Hoyratça yok edilmiş bir zamanların o hoşgörüsünün, o kültürün, müziğinin, edebiyatının, kent mimarisinin, Türkçesi’nin, değerli kişiliklerin başka hiçbir yerde rastlanmayacak derecede zengin olduğu bir coğrafyadır burası. Bugün Elazığ’a bağlı olmasalar da Eğin, Çemişgezek, Pertek ve Arapgir’i de katmak gerekiyor bu zengin kültürel bölgeye. 

Böyle bir coğrafyada müziğe yakınlığı olmayan kimse yok gibidir. İşte bu bölgenin en büyük seslerinden biriydi merhum Enver Demirbağ. 9 Kasım 2010 tarihinde acı bir yangında yitirdiğimiz Enver Demirbağ, Anadolu’nun saklı kalmış ve değeri bilinmemiş bir sanatçısıydı.  

Bugün Zeki Müren’den, Safiye Ayla’ya, Müzeyyen Senar’dan, Münir Nurettin Selçuk’a hemen her sanatçının seslendirdiği klasik Türk müziğine yakın Elazığ Halk Müziği, hoyratları, gazelleri, divanları, mayaları, müstezatları, uzun havaları, kasideleri, ilahileri, türküleri ile ayrı bir konumdadır. 

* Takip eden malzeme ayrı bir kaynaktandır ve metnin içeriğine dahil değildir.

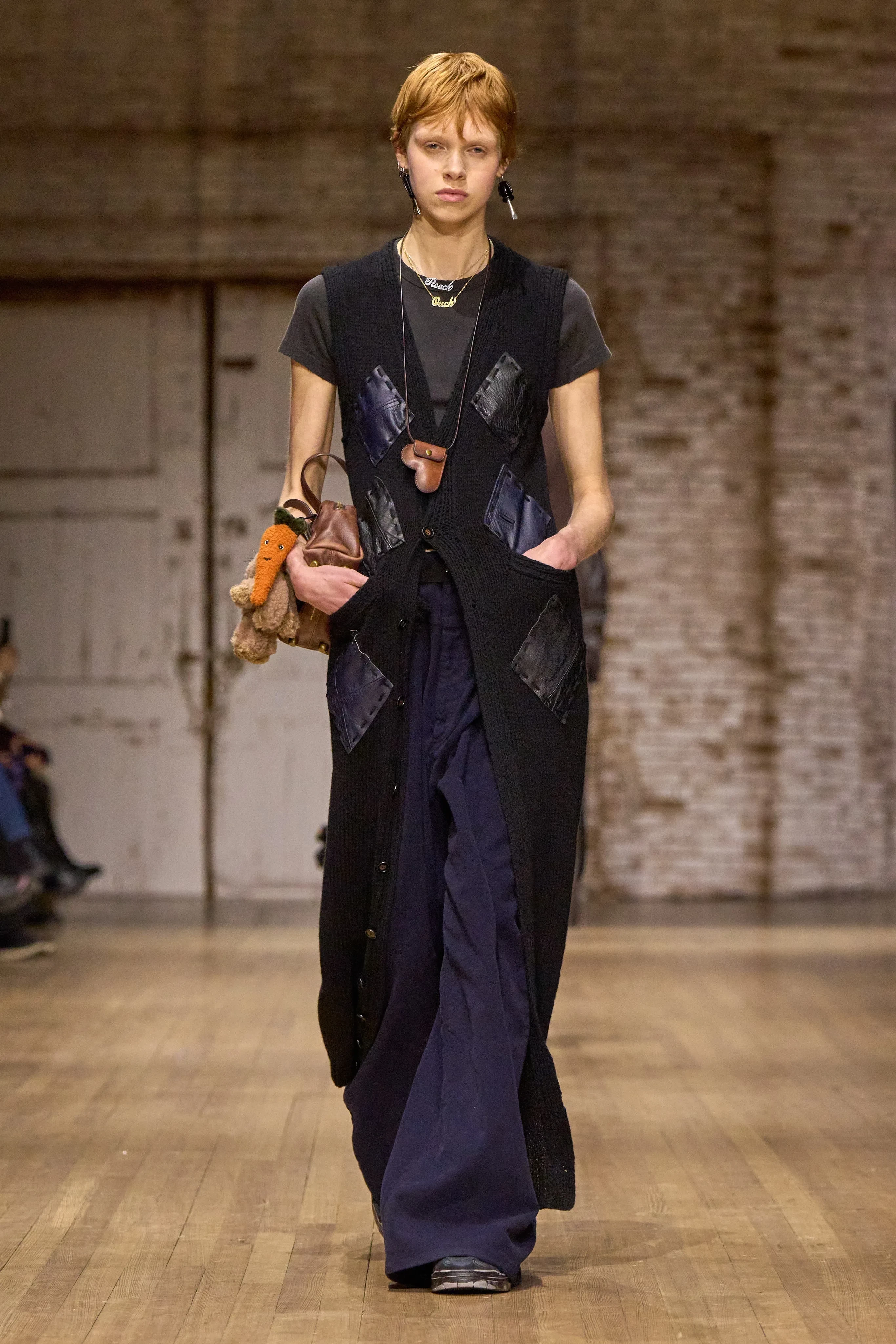 Эмили Ратаковски/Фото: Dimitrios Kambouris/Getty ImagesЭмили Ратаковски/Фото: emrata/Instagram*Холли Бейли/Фото: Dimitrios Kambouris/Getty ImagesЛеннон Галлахер/Фото: Dimitrios Kambouris/Getty ImagesЛеннон Галлахер/Фото: Dimitrios Kambouris/Getty ImagesНа подиуме преобладали вещи в уличном стиле расслабленного силуэта с отсылками к нулевым и детству: широкие брюки на низкой талии с тонкими ремнями, короткие косухи, длинные дублёнки, яркие очки в пластиковых оправах, плюшевая обувь, "разрисованные" футболки, жилетки с "заплатками", леопардовые шубы, сумки-медальоны и брелоки в виде игрушек. В прошлом году бренд оказался в списке самых успешных в рейтинге Lyst и стремительно набирает популярность среди зумеров.

Bağlamanın hiç kullanılmadığı, klarnet, ritim saz, kanun, ud, cümbüş, ney gibi sazlarla çalınan; Türk edebiyatının köşe taşları, Fuzuli, Nabi, Nedim, Rıfat Dede, Rasih, Nesimi, Nevres, Akif Paşa, Abdülhak Hamit Tarhan, Hacı Hayri Bey gibi yüzlerce ozanın şiirleriyle zenginleşmiş bir müziktir Harput Müziği... 

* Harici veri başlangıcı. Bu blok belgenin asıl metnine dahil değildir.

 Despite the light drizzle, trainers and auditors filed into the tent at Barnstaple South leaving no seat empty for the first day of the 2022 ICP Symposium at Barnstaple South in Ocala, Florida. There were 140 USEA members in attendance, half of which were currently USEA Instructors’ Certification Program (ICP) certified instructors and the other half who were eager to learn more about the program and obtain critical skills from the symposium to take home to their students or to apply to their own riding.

Elazığ ezgilerinin çalınması da söylenmesi de özel ustalık gerektirir. Güzel ve güçlü sesin yanında makam ve usul bilgisi zorunludur. Enver Demirbağ ise bu müziğin belki en önemli kişilerinden biridir. 

Çocukluğunda babasının gramofonundan başlayan plak ve müzik dinleme alışkanlığı, konağa göçünce daha da artmış, çocuk sayılacak yaşlarda iken burada da taş plaklarını dinlediği, Hamiyet Yüceses, Zaralı Halil, Müzeyyen Senar, Erzincanlı Şerif, Münir Nurettin Selçuk, Urfalı Kel Hamza, Mukim Tahir ve yine bir yanı aslen Palulu olan Celal Güzelses gibi dönemin ünlü seslerini neredeyse ezberlemiştir. 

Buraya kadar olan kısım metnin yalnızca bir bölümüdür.